Class 12 ncert solution math exercise 5.4

    EXERCISE 5.4 ( Differentiation )

Differentiating the following w.r.t.(Class 12 ncert solution math exercise 5.4)

Question 1: \frac{e^x}{\sin x}.

Solution:Let y=\frac{e^x}{\sin x}

By using the quotient rule, we get

\frac{dy}{dx} =\frac{\sin x \frac{d}{d x}\left(e^x\right)-e^x \frac{d}{d x}(\sin x)}{\sin ^2 x}

=\frac{\sin x \cdot\left(e^x\right)-e^x \cdot(\cos x)}{\sin ^2 x}

=\frac{e^x(\sin x-\cos x)}{\sin ^2 x}

Question 2: e^{\sin ^{-1} x}

Solution:Let y=e^{\sin ^{-1} x}

By using the quotient rule, we get

\frac{d y}{d x} =\frac{d}{d x}\left(e^{\sin ^{-1} x}\right)

=e^{\sin ^{-1} x} \cdot \frac{d}{d x}\left(\sin ^{-1} x\right)

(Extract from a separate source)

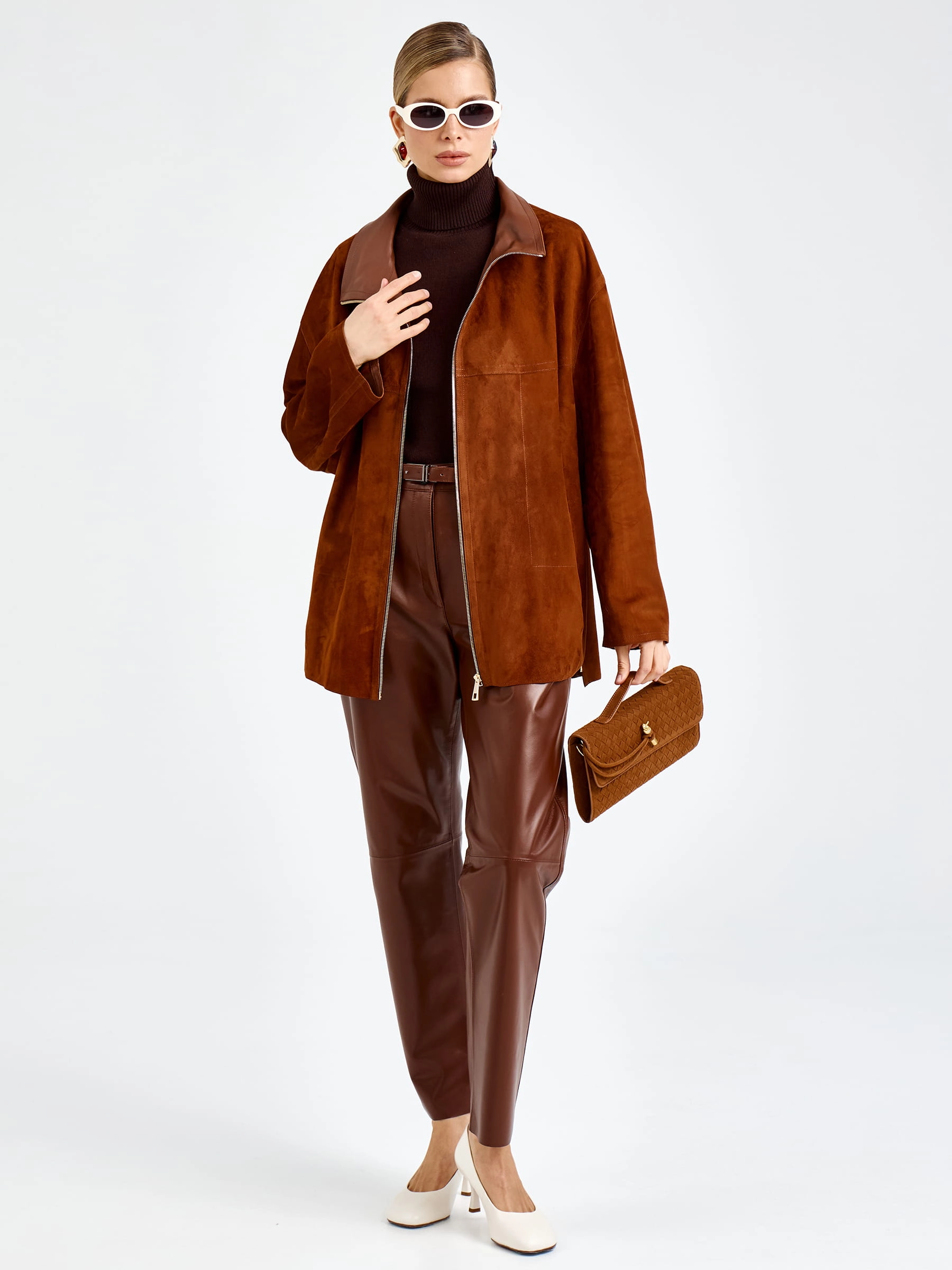 Эксклюзивные женские брюки свободного кроя из натуральной кожи в цвете виски - сочетание инновационных технологий. Прямой крой длиной 105 см с едва заметным расширением к низу для создания идеальной вертикали. Модель отличается авторской технологией обработки кожи, сохраняющей мягкость и пластичность без заломов, эргономичными карманами с системой скрытых швов для незаметной вместительности, эксклюзивной подкладкой из вискозы, а также усовершенствованной застежкой с двойной молнией и магнитной фиксацией для идеального прилегания. Эти брюки станут инвестицией в безупречный стиль, легко сочетаясь с объемными свитерами, строгими пиджаками или кожаными косухами для создания разнообразных образов.

=e^{\sin ^{-1} x} \cdot \frac{1}{\sqrt{1-x^2}}

=\frac{e^{\sin ^{-1} x}}{\sqrt{1-x^2}}

=\frac{e^{\sin ^{-1} x}}{\sqrt{1-x^2}}, x \in(-1,1)

Question 3: e^{x^3}

Solution:Let y=e^{x^3}

By using the quotient rule, we get

\frac{d y}{d x} =\frac{d}{d x}\left(e^{x^3}\right)

=e^{x^3} \cdot \frac{d}{d x}\left(x^3\right)

=e^{x^3} \cdot 3 x^2

=3 x^2 e^{x^3}

Question 4:  \sin \left(\tan ^{-1} e^{-x}\right)

Solution:Let y=\sin \left(\tan ^{-1} e^{-x}\right)

By using the chain rule, we get

\frac{d y}{d x} =\frac{d}{d x}\left[\sin \left(\tan ^{-1} e^{-x}\right)\right]

=\cos \left(\tan ^{-1} e^{-x}\right) \cdot \frac{d}{d x}\left(\tan ^{-1} e^{-x}\right)

=\cos \left(\tan ^{-1} e^{-x}\right) \cdot \frac{1}{1+\left(e^{-x}\right)^2} \cdot \frac{d}{d x}\left(e^{-x}\right)

=\frac{\cos \left(\tan ^{-1} e^{-x}\right)}{1+e^{-2 x}} \cdot e^{-x} \cdot \frac{d}{d x}(-x)

=\frac{e^{-x} \cos \left(\tan ^{-1} e^{-x}\right)}{1+e^{-2 x}} \times(-1)

=\frac{-e^{-x} \cos \left(\tan ^{-1} e^{-x}\right)}{1+e^{-2 x}}

Question 5: \log \left(\cos e^x\right)

Solution:Let y=\log \left(\cos e^x\right)

By using the chain rule, we get

\frac{d y}{d x} =\frac{d}{d x}\left[\log \left(\cos e^x\right)\right]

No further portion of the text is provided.